Task to carry out: Each entry should be copied as it stands, leaving the pictures behind.

Data entries:

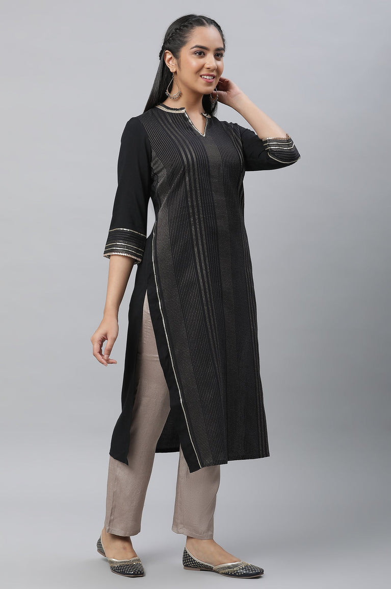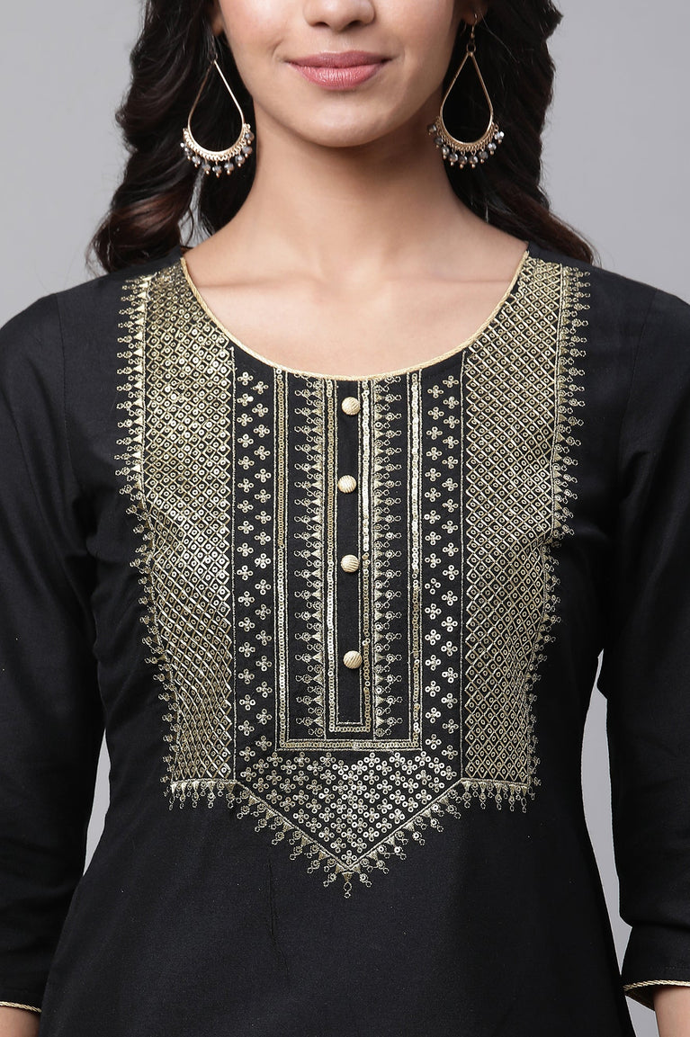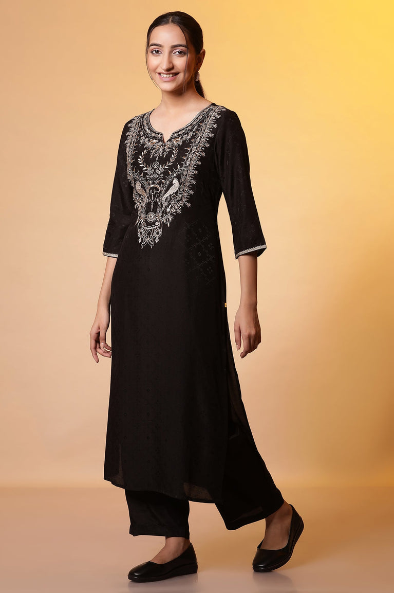 Black Zari Embroidered and Sequins Viscose Blend Straight Kurta and Palazzo Set
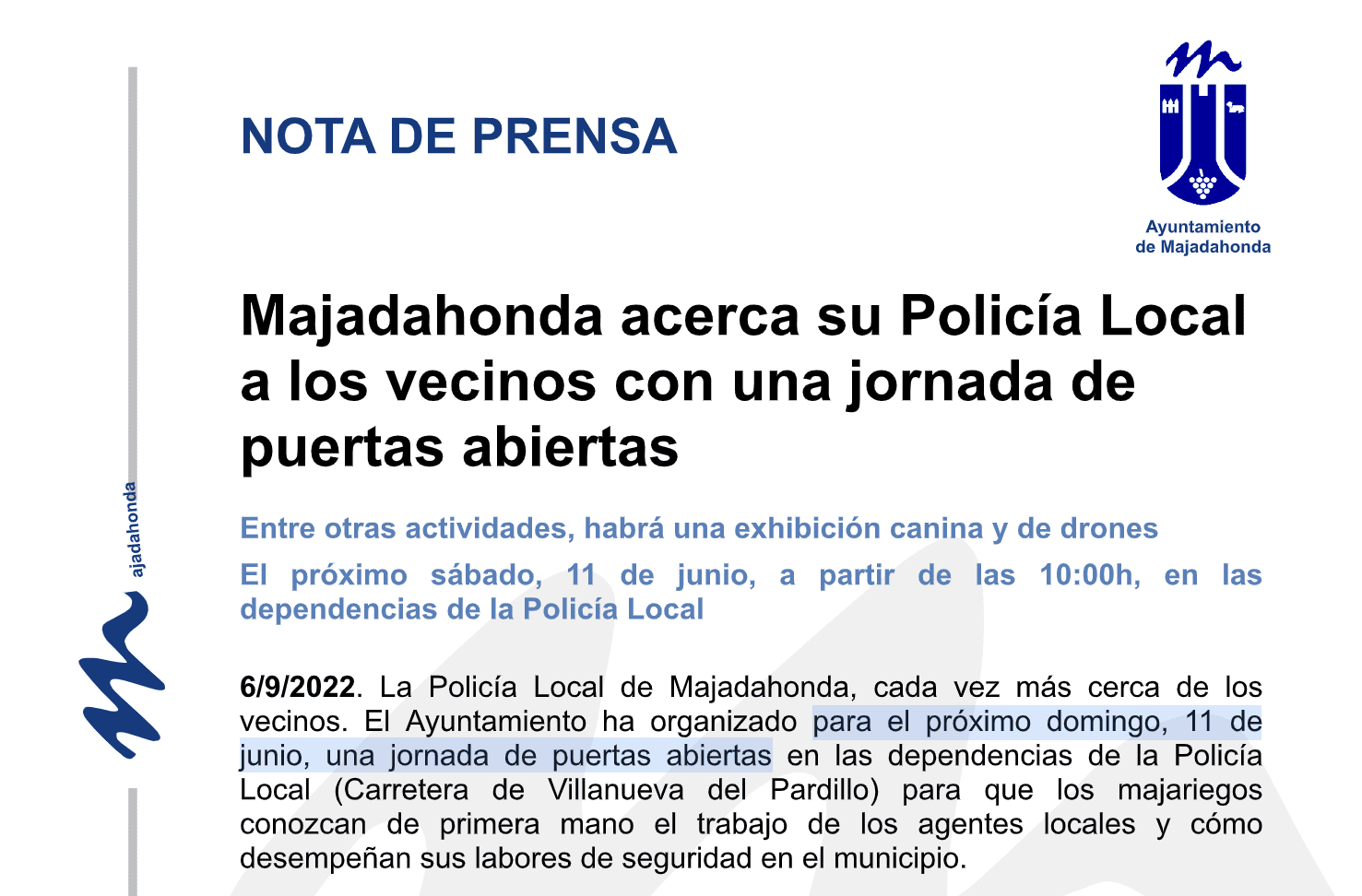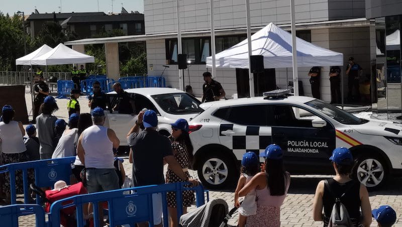 JULIA BACHILLER. Como ya adelantó este periódico (la nota de prensa del Ayuntamiento contenía una errata que citaba a los vecinos el domingo), la Policía Local de Majadahonda abrió este sábado 11 de junio (2022) sus puertas a vecinos y visitantes, en un gesto de acercamiento a la ciudadanía. Las elevadas temperaturas a primera hora de la mañana no fueron impedimento para que un numeroso público, en su mayoría de corta edad, aceptase esta grata invitación por parte de los responsables de la seguridad ciudadana de Majadahonda. Tanto en el recinto exterior como en el interior del edificio principal, los asistentes pudieron disfrutar de diversas actividades, todas ellas dirigidas a ampliar los conocimientos en educación y seguridad vial. Además, mostraron el material del cual disponen estos agentes en su labor diaria, junto con las novedades incorporadas recientemente, como son las bicicletas y los drones. Para finalizar, se realizó la esperada demostración de la Unidad Canina, que en esta ocasión contó con la participación del Ejército, Policía Nacional y Policía Local de Majadahonda y de los municipios de Villanueva de la Cañada, Torrejón de Ardoz, San Sebastián de los Reyes, San Lorenzo del Escorial, Pedrezuela, y Leganés. No hay que olvidar a los miembros de Protección Civil, que también tuvieron su lugar y misión en estas instalaciones, mostrando a los asistentes su principal herramienta de trabajo: su ambulancia para acudir a donde se requiera su presencia.
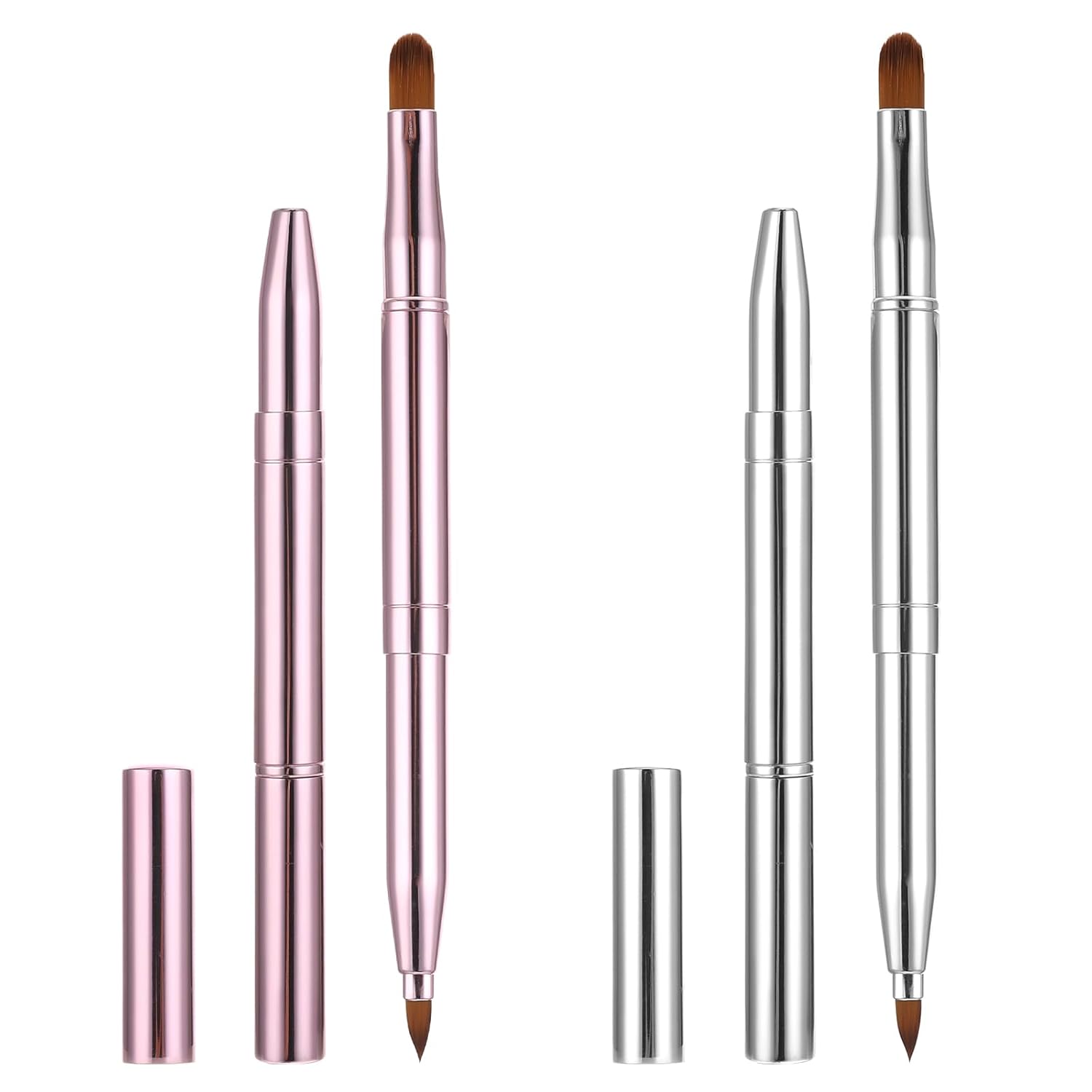 2 Pack Retractable Lip Brush for Lipstick, Double-Ended Lip Makeup Brushes Retractable with Cap Lip Gloss Lipstick Brush Applicator Travel
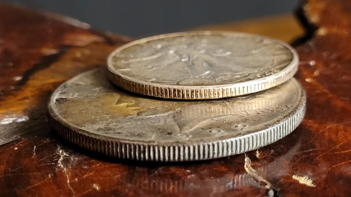 Nice 90% Silver Coin Set featuring a 1922 Peace Dollar and a 1946 Liberty Half Dollar. The Liberty shows some beautiful rainbow patina.
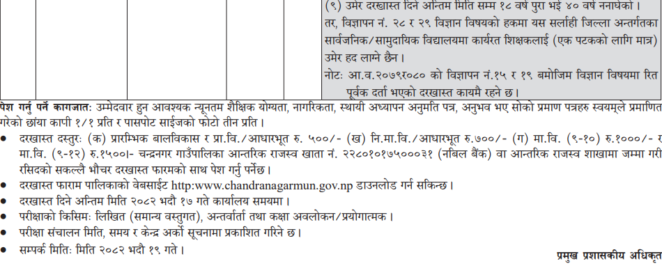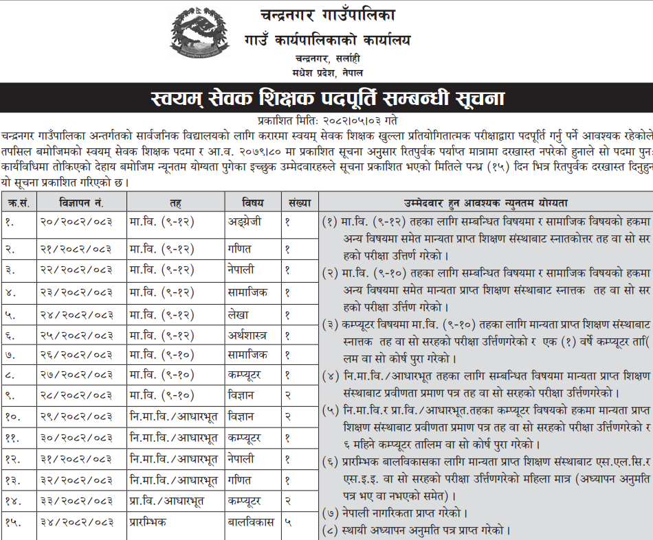 Teacher – English, Math, Nepali, Social, Account, Economics, Computer Full Time Sarlahi Posted 3 months ago Applications have closed Website Chandranagar Gaunpalika JOB OPPORTUNITY Tagged as: Sarlahi
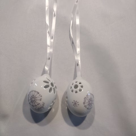hvid med mønster og hulmønster, 2 delt, hvid, porcelæn, H: 12 cm, HELT INTAKT, sender gerne, dog ikke med fiks færdig, porto oveni
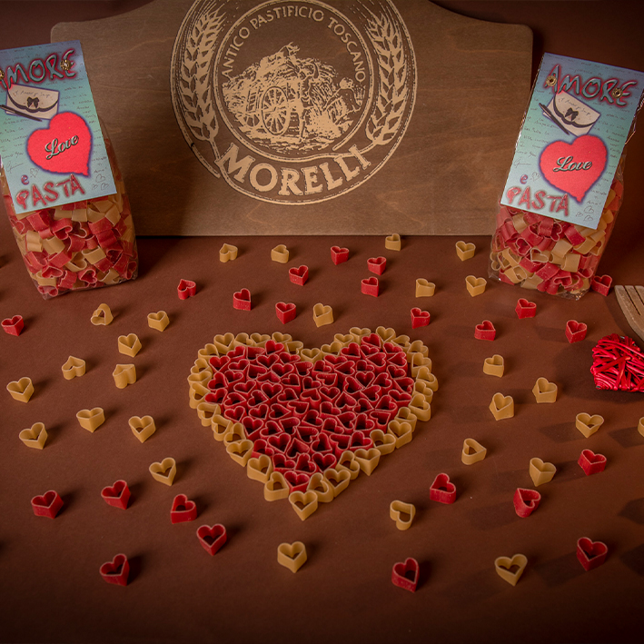 Diese farbenfrohen Hartweizennudeln in Herzform, gefärbt mit Tomatenpulver, sind nicht nur ein optisches Highlight, sondern bringen auch einen vollmundigen Geschmack auf den Teller. Ein Muss für besondere Anlässe und liebevoll angerichtete Gerichte.
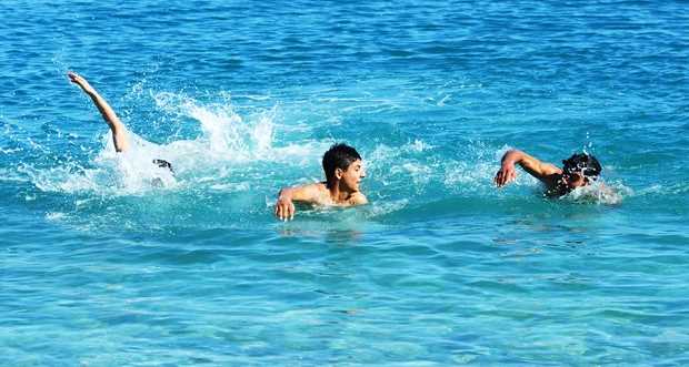 Güneşli havayı fırsat bilen vatandaşlar ve turistler denize girmenin keyfini çıkarıyor.
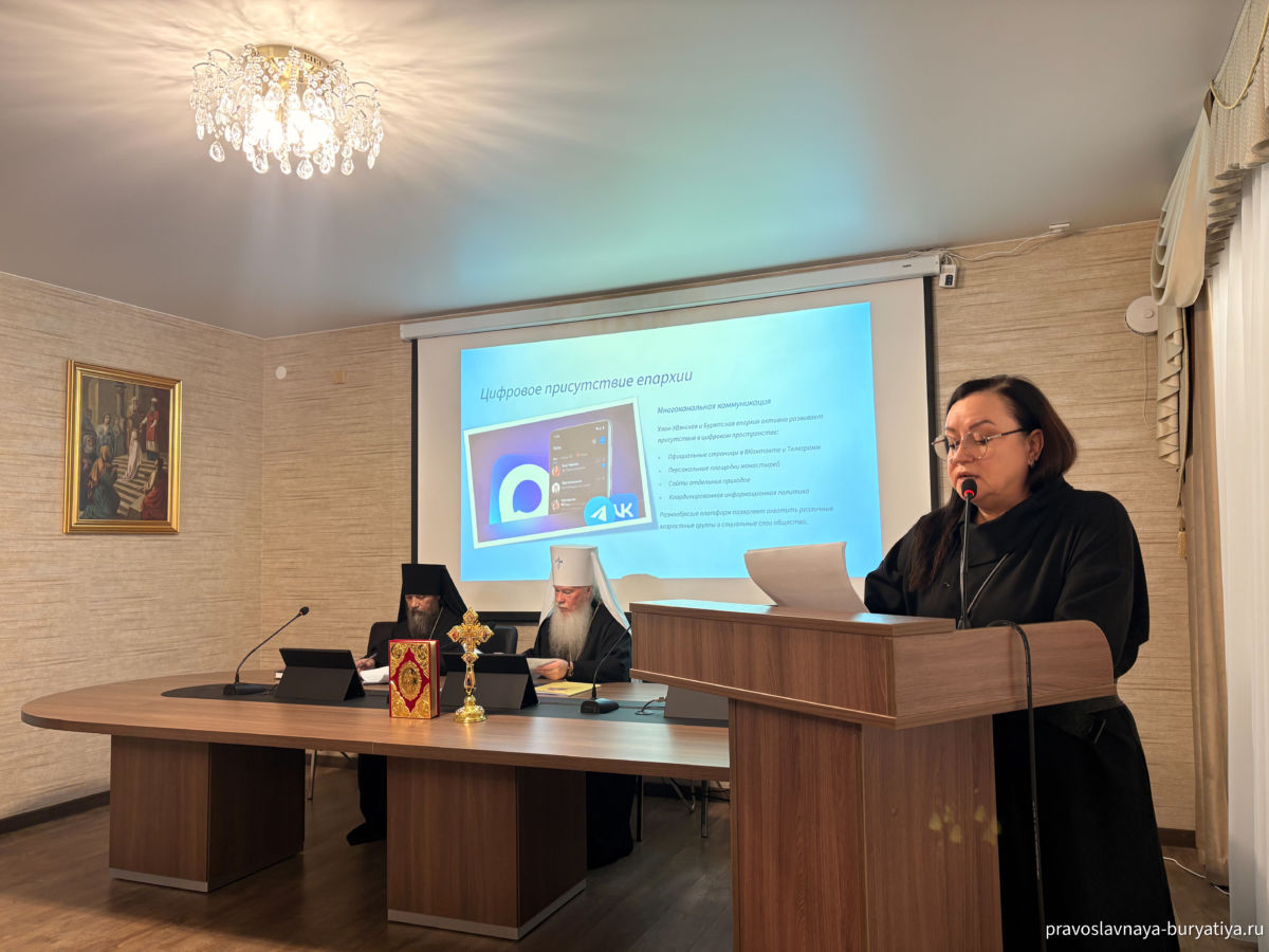 В ходе Епархиального собрания был заслушан доклад руководителя епархиального отдела по взаимоотношениям Церкви с обществом и СМИ Натальи Леонидовны Шуплецовой о информационной деятельности епархии, а так же доклад заведующей канцелярии Улан — Удэнской и Бурятской епархии Земфиры Арифовны Языковой о составлении отчетности в приходах и монастырях.
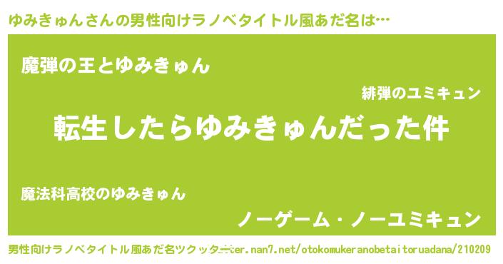 | 胡散臭い通販商品みたいなあだ名 | 『世界中を虜にした世界で10本だけ現存している希少なブランデー…その名も「ゆみきゅん」』 |

Result of the exercise:
 Black Zari Embroidered and Sequins Viscose Blend Straight Kurta and Palazzo Set
 JULIA BACHILLER. Como ya adelantó este periódico (la nota de prensa del Ayuntamiento contenía una errata que citaba a los vecinos el domingo), la Policía Local de Majadahonda abrió este sábado 11 de junio (2022) sus puertas a vecinos y visitantes, en un gesto de acercamiento a la ciudadanía. Las elevadas temperaturas a primera hora de la mañana no fueron impedimento para que un numeroso público, en su mayoría de corta edad, aceptase esta grata invitación por parte de los responsables de la seguridad ciudadana de Majadahonda. Tanto en el recinto exterior como en el interior del edificio principal, los asistentes pudieron disfrutar de diversas actividades, todas ellas dirigidas a ampliar los conocimientos en educación y seguridad vial. Además, mostraron el material del cual disponen estos agentes en su labor diaria, junto con las novedades incorporadas recientemente, como son las bicicletas y los drones. Para finalizar, se realizó la esperada demostración de la Unidad Canina, que en esta ocasión contó con la participación del Ejército, Policía Nacional y Policía Local de Majadahonda y de los municipios de Villanueva de la Cañada, Torrejón de Ardoz, San Sebastián de los Reyes, San Lorenzo del Escorial, Pedrezuela, y Leganés. No hay que olvidar a los miembros de Protección Civil, que también tuvieron su lugar y misión en estas instalaciones, mostrando a los asistentes su principal herramienta de trabajo: su ambulancia para acudir a donde se requiera su presencia.
 2 Pack Retractable Lip Brush for Lipstick, Double-Ended Lip Makeup Brushes Retractable with Cap Lip Gloss Lipstick Brush Applicator Travel
 Nice 90% Silver Coin Set featuring a 1922 Peace Dollar and a 1946 Liberty Half Dollar. The Liberty shows some beautiful rainbow patina.
 Teacher – English, Math, Nepali, Social, Account, Economics, Computer Full Time Sarlahi Posted 3 months ago Applications have closed Website Chandranagar Gaunpalika JOB OPPORTUNITY Tagged as: Sarlahi
hvid med mønster og hulmønster, 2 delt, hvid, porcelæn, H: 12 cm, HELT INTAKT, sender gerne, dog ikke med fiks færdig, porto oveni
 Diese farbenfrohen Hartweizennudeln in Herzform, gefärbt mit Tomatenpulver, sind nicht nur ein optisches Highlight, sondern bringen auch einen vollmundigen Geschmack auf den Teller. Ein Muss für besondere Anlässe und liebevoll angerichtete Gerichte.
 Güneşli havayı fırsat bilen vatandaşlar ve turistler denize girmenin keyfini çıkarıyor.
 В ходе Епархиального собрания был заслушан доклад руководителя епархиального отдела по взаимоотношениям Церкви с обществом и СМИ Натальи Леонидовны Шуплецовой о информационной деятельности епархии, а так же доклад заведующей канцелярии Улан — Удэнской и Бурятской епархии Земфиры Арифовны Языковой о составлении отчетности в приходах и монастырях.
 | 胡散臭い通販商品みたいなあだ名 | 『世界中を虜にした世界で10本だけ現存している希少なブランデー…その名も「ゆみきゅん」』 |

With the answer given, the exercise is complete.